Construction Act Notices
In November 2011 I uploaded a power point presentation that I had presented to clients concerning the key changes that had been made to the Construction Act. To read these slides please follow this link
I was in 2011 of the opinion that the most significant change was the consequences where a party failed to respond to a Default Payment Notice; in this situation the amount claimed is the amount due – no argument, no defence, it has to be paid.
Default Payment Notice are served by a contractor when an employer fails to comply with his obligation to advise of an amount due. The contractor basically says I consider the amount due as [£100,000] and should go on to explain why; the Construction Act sets out exactly what the Default Payment Notice has to contain in order to be valid. If a valid “Pay Less” notice is not served by the employer in response then the amount contained in the Default Payment Notice has to be paid regardless of whether the contractor’s claim has merit or not.
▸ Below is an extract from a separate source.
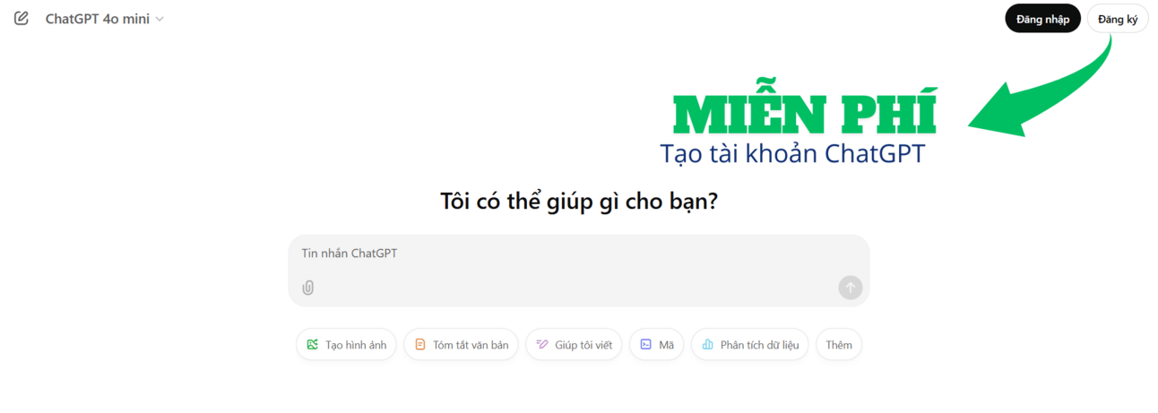 Đăng ký tài khoản: Truy cập Chatgpt.com để tạo tài khoản miễn phí. Nếu bạn muốn làm việc mọi lúc mọi nơi, hãy tải ứng dụng ChatGPT trên điện thoại của bạn.

The employer has to pay that which has fallen due and reclaim any overpayment in subsequent valuations.
It is important to note that if the contract entitles the contractor to make application for payment (many standard forms and bespoke forms do) then this application is capable of amounting to a Default Payment Notice where the employer fails to advise of the amount due. The wisdom of bespoke terms providing for applications is therefore questionable unless an employer has adequate procedures to ensure he can respond to each application served. Conversely if you are the party being paid then you should always ensure that applications are submitted in a format that are capable of amounting to Default Payment Notices.
It is also worth bearing in mind contracts which are governed by the Scheme. It may well be that the contract is oral or there are no formal recorded terms save price, scope and programme; in this situation the contractor would be entitled to rely on the Scheme to serve its Default Payment Notices and again the amount applied for would be the amount that has to be paid.
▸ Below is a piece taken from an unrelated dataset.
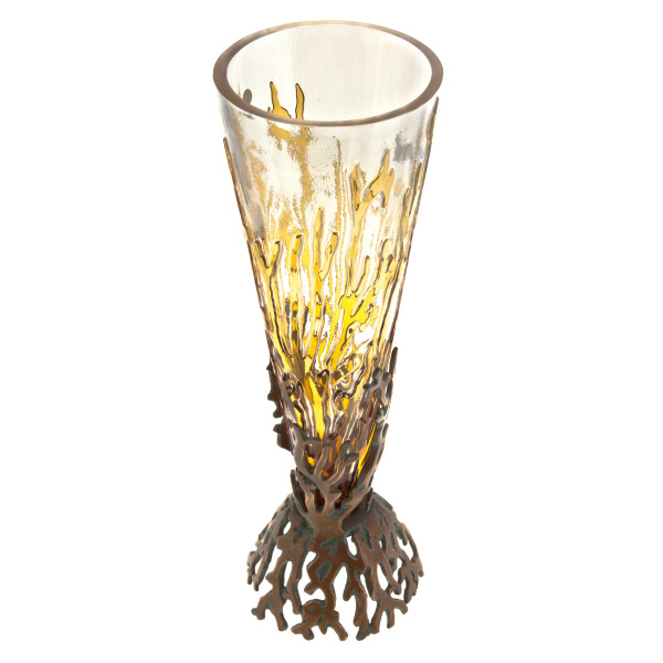 Ваза "Коралл" — это смелый диалог между природой и современным искусством, воплощённый в стекле и металле. Высокая форма, устремлённая вверх, словно повторяет ритм морских течений или движение подводных водорослей, вытягивающихся к свету. Тело вазы изготовлено из полупрозрачного стекла с мягкими переливами янтарного цвета, напоминающего солнечные блики на поверхности воды. Фактура стекла будто оживает: жёлтые прожилки устремляются вверх, как языки пламени или коралловые ветви, рождая ощущение живого дыхания внутри предмета.

Does it matter in the situation where there are interim payments and the amount can just be clawed back in subsequent applications? I think it does and particularly so as you approach the end of the programme. The employer is not only at risk of never seeing its money again but also the dynamics of any final account discussions can be altered because the contractor and not the employer holds the cash.
With all the above in mind my only surprise is that it has taken nearly 18 months before I have seen a dispute exactly on this matter. We recently advised a client to adjudicate simply on the fact that there was no Payless Notice and therefore the amount due in the Default Payment Notice was due. My advice was to not even bother putting forward a substitute argument of asking the adjudicator to value the application: why incur the cost of inviting the adjudicator to consider something that was not necessary? Why incur the cost of having to respond to the other side’s valuation when this was not necessary?
The other side realised the futility of resisting the adjudication and just paid up!